== Segment start ==

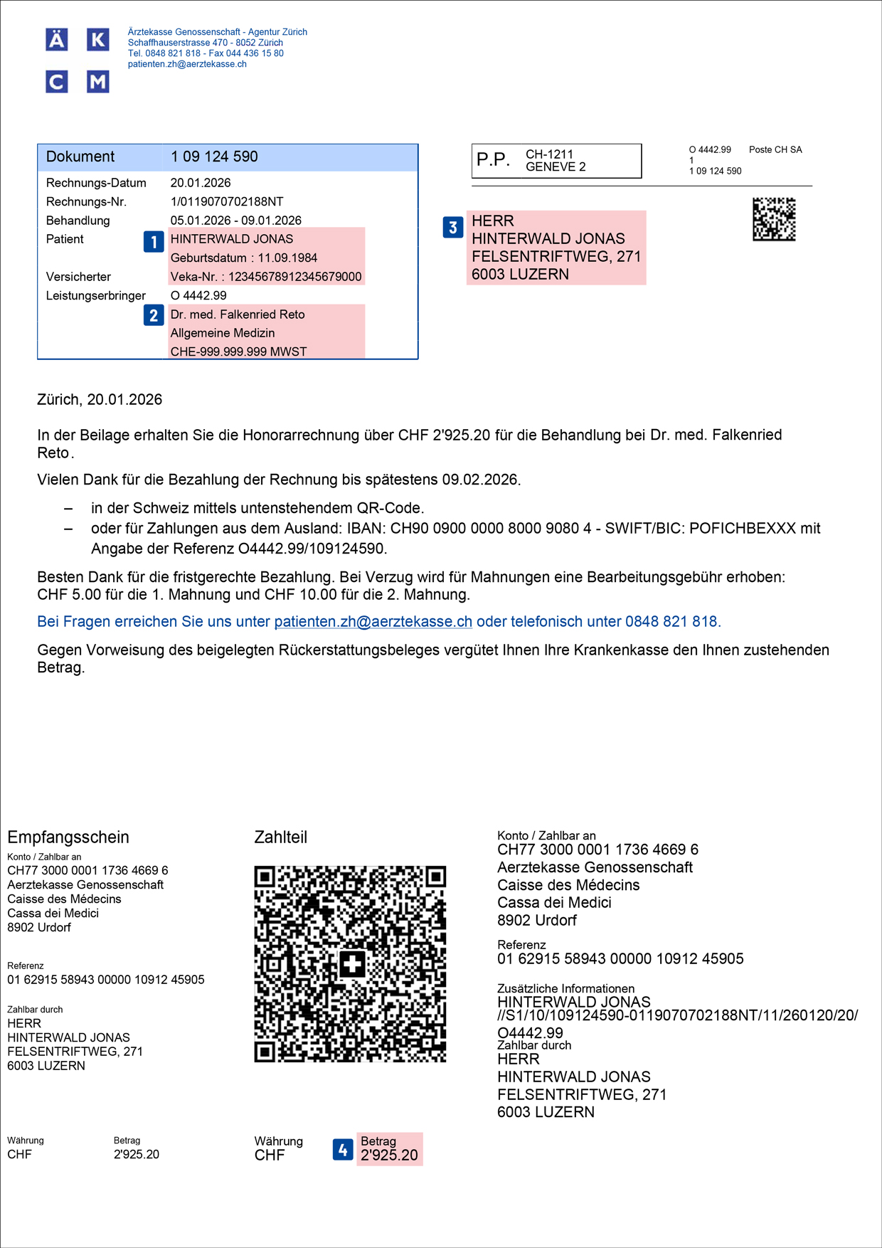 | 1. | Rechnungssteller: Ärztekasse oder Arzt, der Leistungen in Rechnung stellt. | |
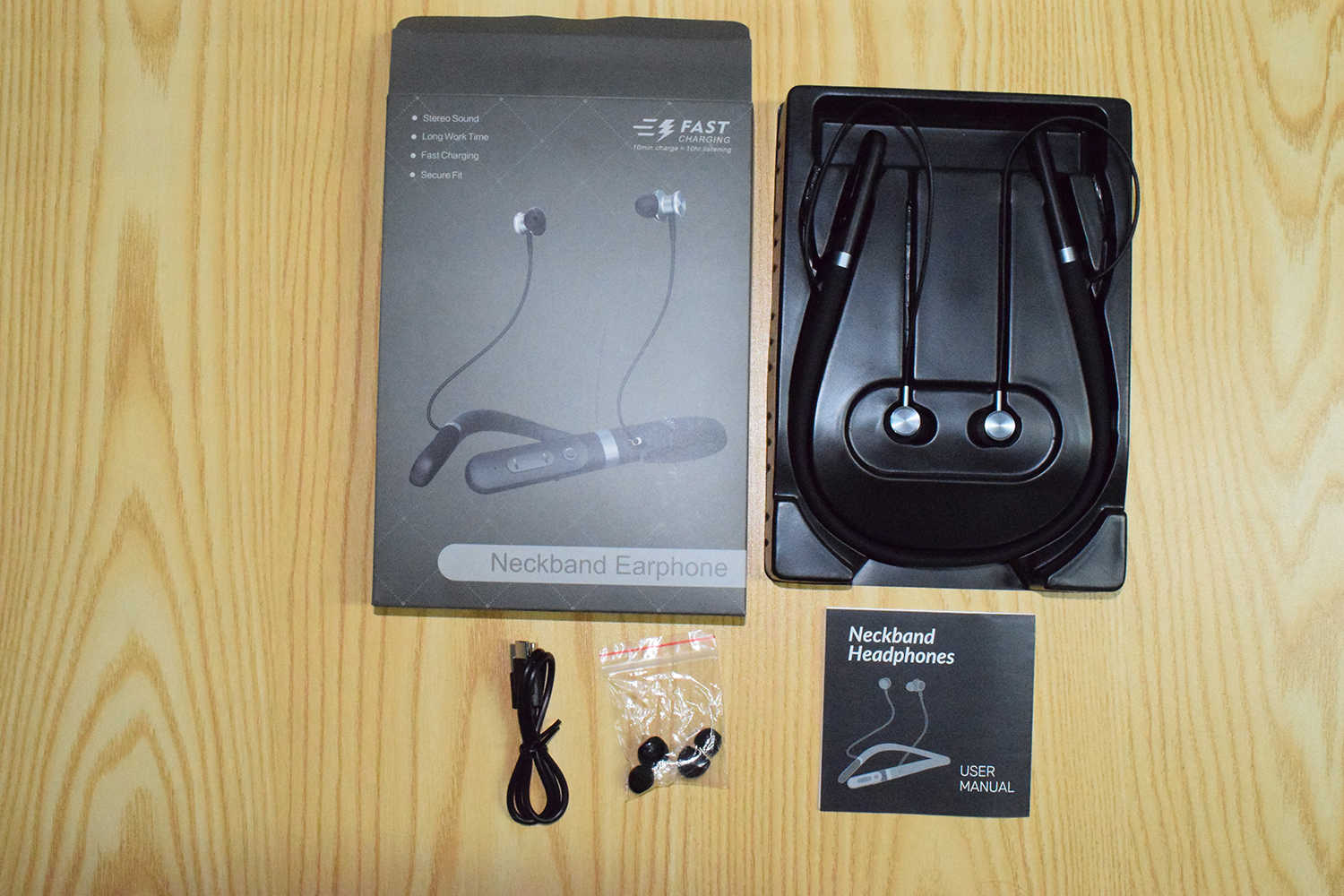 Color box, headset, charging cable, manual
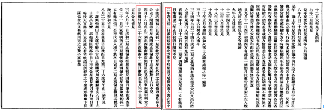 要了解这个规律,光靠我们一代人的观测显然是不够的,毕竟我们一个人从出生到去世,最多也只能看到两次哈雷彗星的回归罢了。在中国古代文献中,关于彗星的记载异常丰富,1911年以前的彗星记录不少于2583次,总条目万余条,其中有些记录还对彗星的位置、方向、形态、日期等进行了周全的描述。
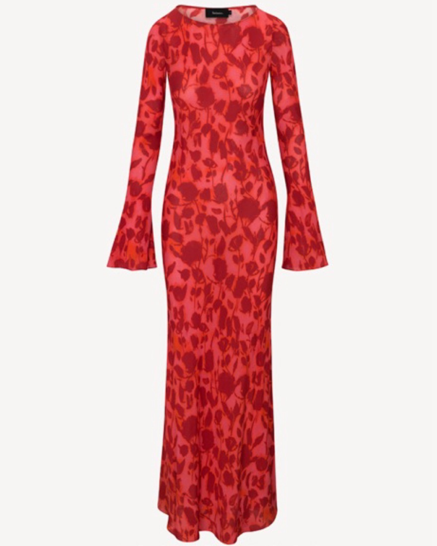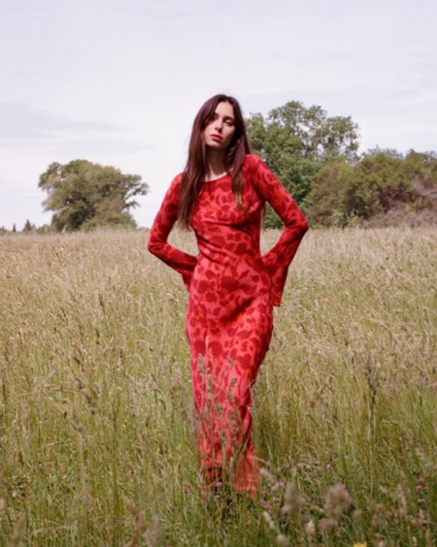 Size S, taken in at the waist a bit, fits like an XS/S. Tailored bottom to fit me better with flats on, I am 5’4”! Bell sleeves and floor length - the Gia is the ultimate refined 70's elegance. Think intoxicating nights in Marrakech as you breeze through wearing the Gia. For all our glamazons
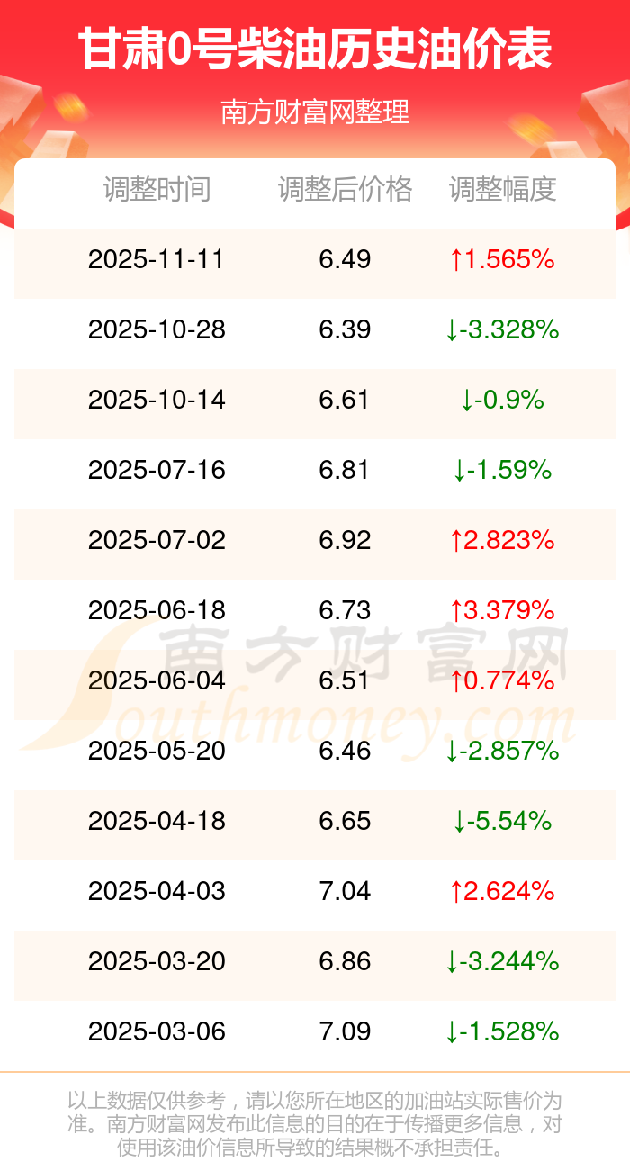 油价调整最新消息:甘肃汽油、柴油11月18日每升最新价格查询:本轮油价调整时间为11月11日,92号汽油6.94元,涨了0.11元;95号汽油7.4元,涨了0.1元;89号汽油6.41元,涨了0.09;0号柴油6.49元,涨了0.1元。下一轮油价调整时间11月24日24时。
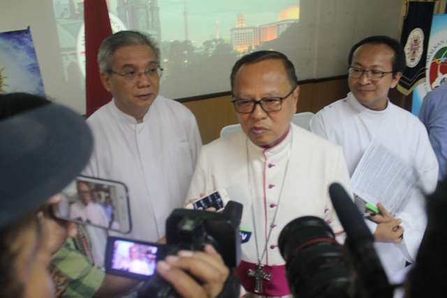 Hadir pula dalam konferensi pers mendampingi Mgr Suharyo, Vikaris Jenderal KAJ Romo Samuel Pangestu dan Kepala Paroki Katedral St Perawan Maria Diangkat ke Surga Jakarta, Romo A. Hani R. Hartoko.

== Segment end ==
== Segment start ==

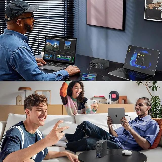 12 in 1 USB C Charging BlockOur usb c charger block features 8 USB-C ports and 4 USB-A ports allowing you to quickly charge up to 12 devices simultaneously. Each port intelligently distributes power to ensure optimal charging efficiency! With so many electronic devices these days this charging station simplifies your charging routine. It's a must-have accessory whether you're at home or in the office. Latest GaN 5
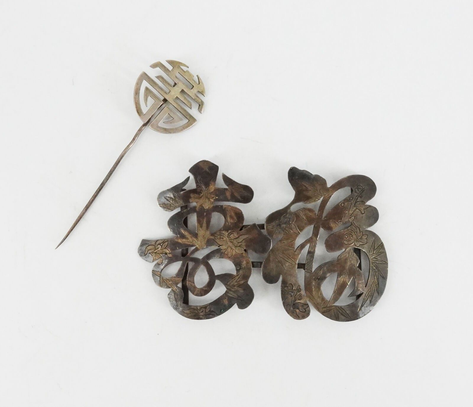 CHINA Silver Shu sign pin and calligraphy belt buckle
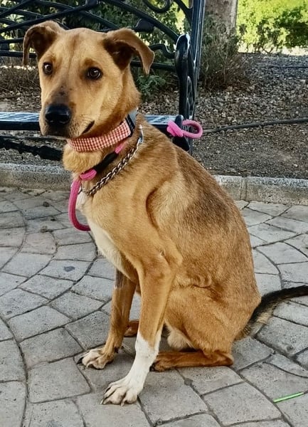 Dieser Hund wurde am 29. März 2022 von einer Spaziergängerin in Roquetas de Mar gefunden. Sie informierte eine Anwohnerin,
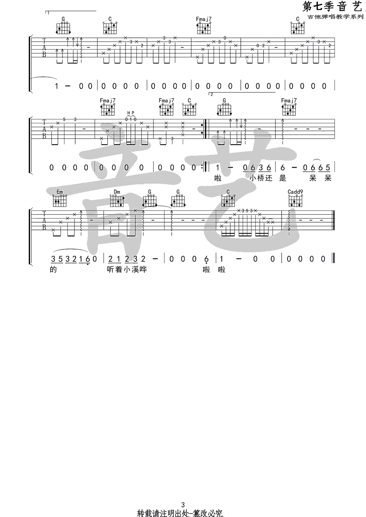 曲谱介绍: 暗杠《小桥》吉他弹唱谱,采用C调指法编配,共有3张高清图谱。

== Segment end ==

_WORK TASK:_
The output is the stretch above from the line with "12 in 1 USB" through the line with "曲谱介绍: 暗杠《小桥》吉他弹唱谱,采用C调指法编配,共有3张高清图谱。", copied word for word with both ends kept and every picture dropped.

_ANSWER TO THIS PROBLEM:_
 12 in 1 USB C Charging BlockOur usb c charger block features 8 USB-C ports and 4 USB-A ports allowing you to quickly charge up to 12 devices simultaneously. Each port intelligently distributes power to ensure optimal charging efficiency! With so many electronic devices these days this charging station simplifies your charging routine. It's a must-have accessory whether you're at home or in the office. Latest GaN 5
 CHINA Silver Shu sign pin and calligraphy belt buckle
 Dieser Hund wurde am 29. März 2022 von einer Spaziergängerin in Roquetas de Mar gefunden. Sie informierte eine Anwohnerin,
 曲谱介绍: 暗杠《小桥》吉他弹唱谱,采用C调指法编配,共有3张高清图谱。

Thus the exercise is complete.